Trenton Quann first learned about the EPB Future Ready Institute of Technology and Networking when he arrived at Tyner High School earlier this year and was immediately intrigued by the prospect of becoming an ambassador in the program, getting a summer job and learning more about technology.
Since joining the program in August, the Tyner freshman said he has become interested in possibly becoming an electrical lineman.
"I've always been interested in technology and I like the idea of working as a lineman to help make sure people get their power," he said. "Maybe I'll try to work for EPB one day."

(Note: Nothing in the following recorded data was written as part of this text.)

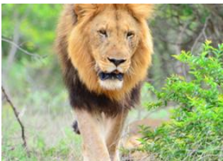
Blyde River Canyon 📍 🚗 120km - 🕒 3h Parc National Kruger 📍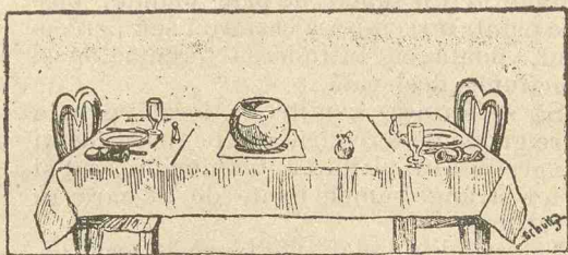
In luna a șasea !...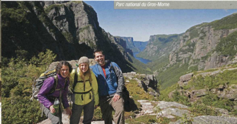
Parc national du Gros-Morne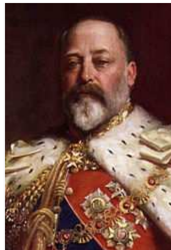
Britský král Edward VII.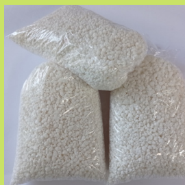
FARINHA DE TAPIÓCA SEM CASTANHA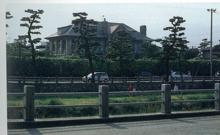
芦屋川沿いに建つ洋館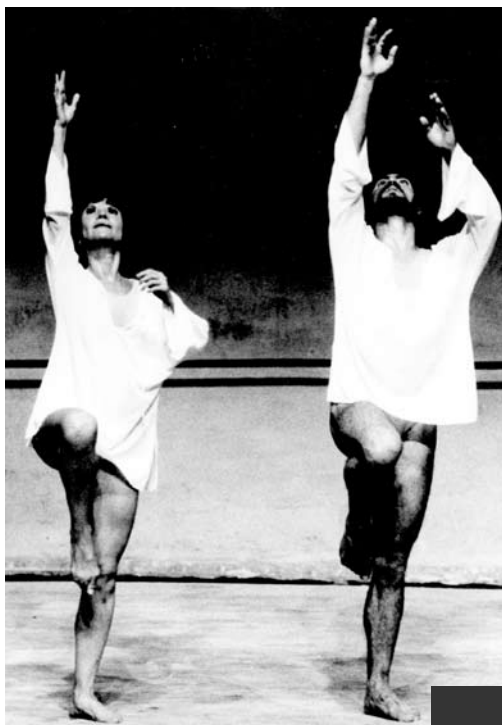
Um Sopro de Vida, 1979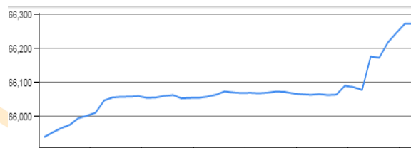
روند روزانه شاخص کل بورس اوراق بهادار: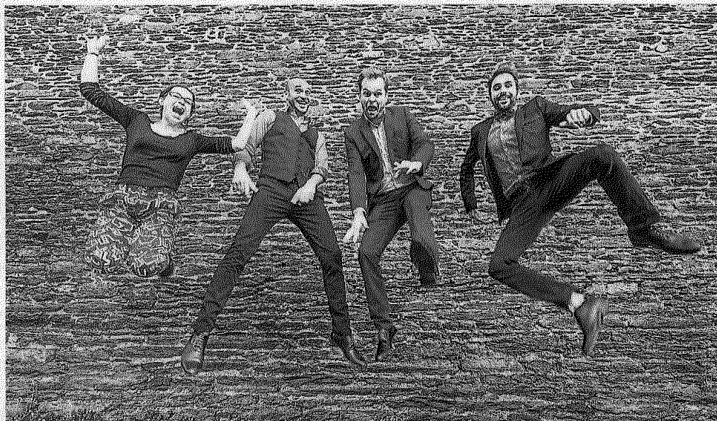
Entre standards de jazz, mélodies populaires et classiques de Disney, l'ensemble Climax donnera une prestation « a cappella », le 11 août, à l'église de Ploumilliau.

Les organisateurs ont été sollicités par Les Amis de l'église Saint-Pierre de Coatréven et le Circuit des Chapelles désireux de recevoir des événements dans leur commune. La première association accueillera Plaisir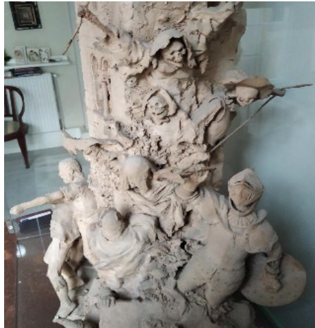
Fig. 6 Antonio Susillo, El grito de Independencia , 1884. Detalle. Colección Particular.

el escultor había seguido los versos del poeta Bernardo López García 21 . En los análisis antes efectuados, hemos podido comprobar que la descripción temática fue exacta, por lo que podemos confirmar el vínculo literario. Esa tendencia fue común a otros muchos artistas desde la época historicista en la que destacó el pintor sevillano Eduardo Cano 22 . Según José Cascales, Antonio Susillo lo hizo con un espíritu apasionado postromántico.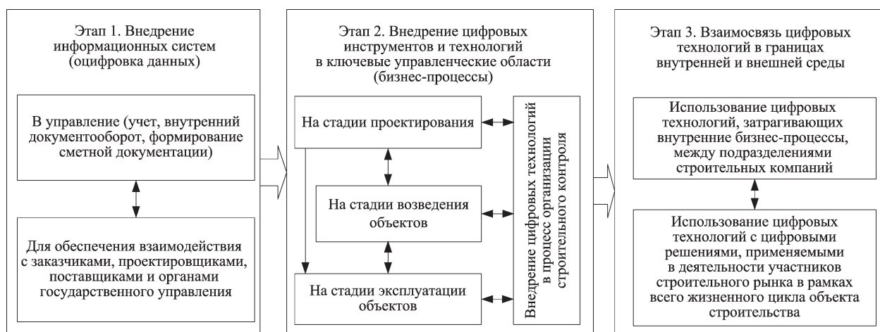
Рис. 1. Процесс цифровизации отечественной строительной отрасли с учетом жизненного цикла объектов строительства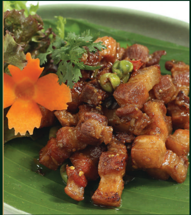
หมูผัดกะปิ Deep fried pork with shrimp paste 250 baht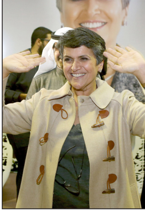
صفاء الهاشم المرأة الوحيدة الفائزة في الانتخابات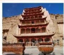
ถ้ำม้อเถา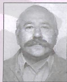
Γράφει ο Αθανάσιος Τσιαμαντάς

Ένα επάγγελμα που γνώρισε δόξες και δόξες ήταν αυτό του τσαγκάρη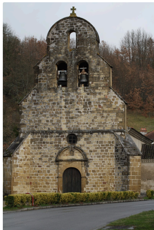
Betplan, l'église Saint Laurent.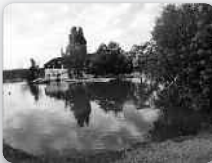
Попатрунок на острово спортох обколєшене з високу воду

Quann's interest in the city-owned electric utility is a primary motivator for EPB's sponsorship of the training program at Tyner High School — one of 28 Future Ready Institutes being offered at 13 Hamilton County high schools this year.
Marie Webb, vice president of human resources at EPB, said EPB is eager to entice more skilled workers to join the utility in the future as EPB continues to evolve in the Internet age with its smart grid technology and fiber optic communications network.
"When we recognized that there was an opportunity to partner with Hamilton County schools and help solve the talent gap that we frequently experience, we were all in," she said. "We already recognized that the STEM (science, technology engineering and math) preparation for students was going to be fundamental in having the skilled workforce we need in the future. We're hoping that by planting the seeds today, these students are getting better prepared for post-secondary education and are prepared for the jobs we will have in the future."
On Tuesday, EPB hosted the 15 freshmen students in Tyner's technology institute at both the utility's operations center and its power control facility. The day began with Ryan Keel, an assistant vice president of EPB's electric system, explaining how power is produced, distributed and maintained by EPB. Students with the right answers were offered M&Ms or Twix candy bars.
Later, the class participated in a number of hands on activities with electric equipment and tools at EPB's nearby operations center.
Tuesday's sessions were among at least a couple of student visits by each class every year from the Future Ready Institute, which began at Tyner last year. Last summer, EPB also paid 10 students a $500 scholarship upon their high school graduation for participating in a 2-week exposure program, working in a variety of roles at EPB. Those age 16 and older will also be able to participate in one of the internships at EPB being offered through the Step Up summer intern program.
The technology training and experiences are also backed up with the encouragement and soft skills training offered in the classroom by one of EPB's IT support managers, Todd Edwards.
"My son plays football at Tyner so I am up there a lot and I try to provide some life lessons and talk to these students about what they need to do to succeed," said Edwards, a Tyner graduate who has worked at EPB for nearly 28 years. "It may not be their field of interest at the moment, but this exposes these students to a lot of things and opportunities they wouldn't otherwise know about. We've had a number of students switch their focus to join this technology institute and I think it makes a real difference for a lot of kids."
Erin Glenn, Tyner's Future Ready Institute coach, said the participating businesses in the institutes help students see the value and practical application of what they are learning in the classroom.
"Students are able to see how English, math, science and history will support their readiness to get a job," she said. "It also exposes them to real world work situations and gives them opportunities to consider their future careers and to get ready for those jobs."
Tyner also operates a health science institute in partnership with HCA Parkridge hospital and a teaching and learning institute in partnership with the University of Tennessee at Chattanooga.